Albert Paul Alain (1 March 1880 – 15 October 1971) was a 20th-century French organist and composer.

Biography 
Born in Saint-Germain-en-Laye to Clarisse-Alphonsine Fouquet (born 1859) and Paul François Alain (born 1851), he entered in adulthood into the Conservatoire de Paris and obtained a first prize for harmony in 1904. He pursued counterpoint studies with Georges Caussade, fugue and music composition with Charles Lenepveu and Gabriel Fauré, at the same time as he worked on the organ with Guilmant and Louis Vierne.
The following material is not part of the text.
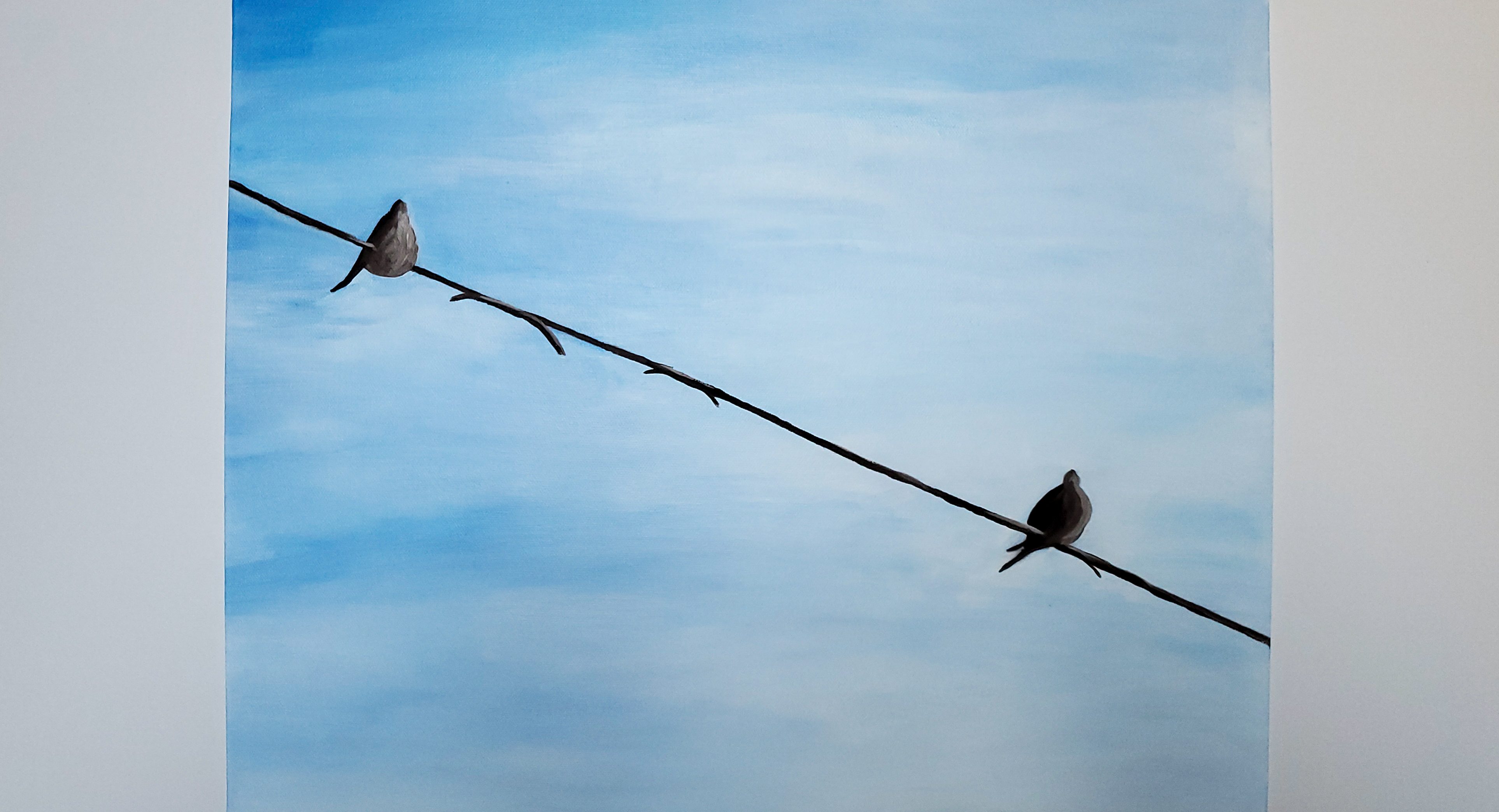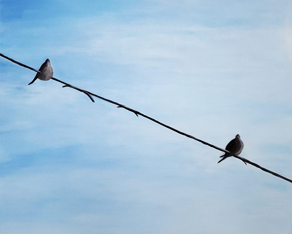 A duo of plump winter pigeons enjoying a winter’s day, in the background a stark blue sky and high wispy clouds blend together. A scene from a recent stay in Midtown Harrisburg, Pennsylvania.

In 1924, succeeding Albert Renaud, he became organist of the church of Saint-Germain-en-Laye, a position he held until his death.

Passionate about organ building, he built over the years (1911–1970) an instrument with 4 keyboards and 43 stops in his house. This organ is now installed in Romainmôtier, Switzerland.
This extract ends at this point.